Но тут внимание рыбаков привлекла уткнувшаяся носом в заросли осоки лодка.
— Это же тот самый старик с девочкой, — сказал Погожев, заслонив ладонью глаза от солнца. — Ну, конечно! Она еще махала нам букетом.
— Что-то у них случилось. А ну, подрули‑ка, Фомич, — скомандовал Осеев.
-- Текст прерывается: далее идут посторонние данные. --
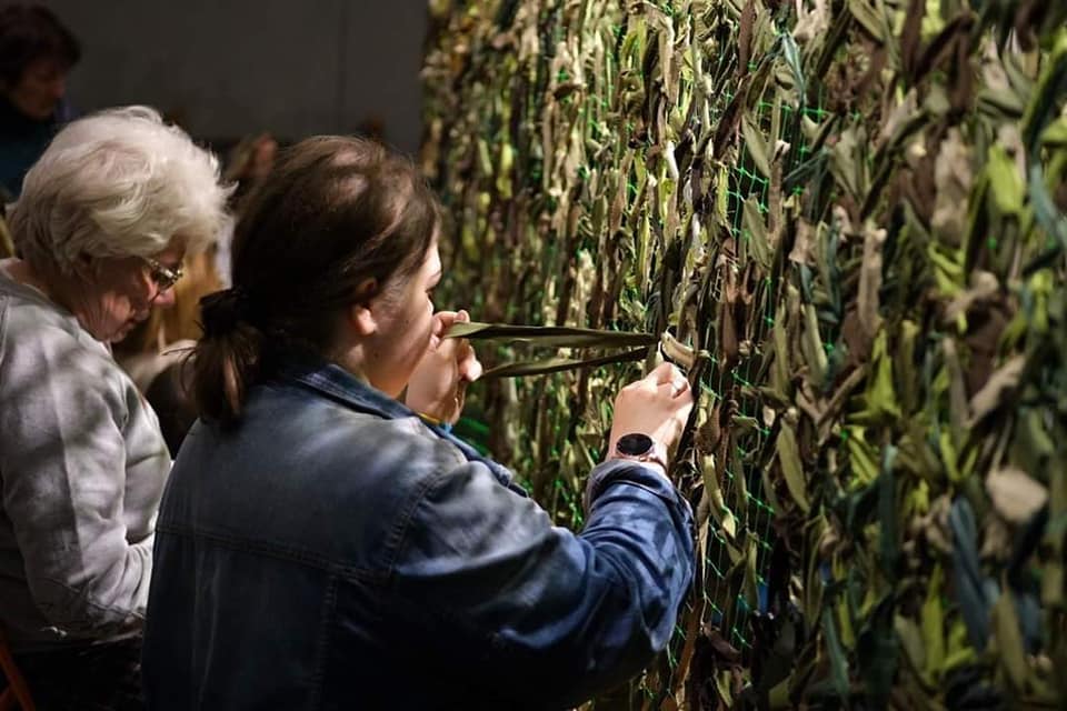 — За цей період ми встигли чимало зробити. Сплели понад 4,5 тисячі квадратних метрів маскувальних сіток. Знайшли швейні машинки, тканину, швачок і відкрили мініцех, де вже створено понад 1000 українських прапорів та інші потрібні нашим воякам вироби з тканини. Переслали на фронт тонни амуніції, медицини та захисного спорядження. Але це, так би мовити, суто технічний бік нашої боротьби. Кожен день ми зустрічаємо з вдячністю нашим воїнам за можливість бачити сонце й небо. Хіба можемо ми стомлюватись? Чи маємо право занепадати духом, маючи таких диво-захисників, які захищають Україну й українців?! Вони наші найголовніші мотиватори! Разом переможемо! — говорить жінка.
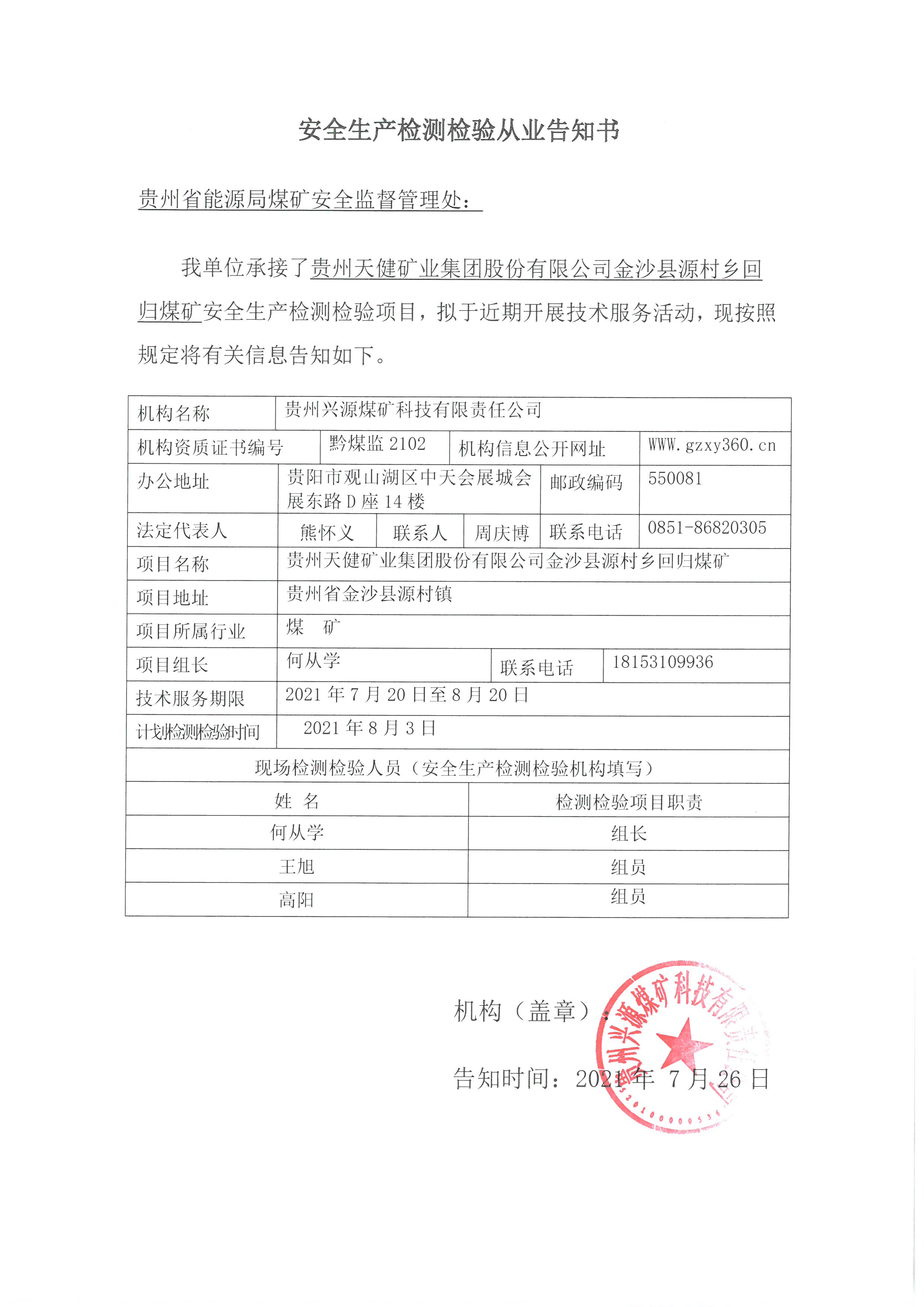 安全生產(chǎn)檢測檢驗從業(yè)告知書【貴州天健礦業(yè)集團股份有限公司金沙縣源村鄉(xiāng)回歸煤礦】

Лодка старика была привязана к коряге, чтоб не снесло течением в море. Подвесной моторчик запрокинут в лодку и гребной винт смотрел в небо. Видимо, старик возился с мотором давно. Это можно было угадать по его устало-отчаявшемуся лицу. Девочка с безразлично-сморенным видом дремала в носу лодки. Букет, которым она махала рыбакам утром, веником сухой травы валялся у ее голых ног.
— В чем дело, отец?
Тот недоуменно пожал своими острыми стариковскими плечами.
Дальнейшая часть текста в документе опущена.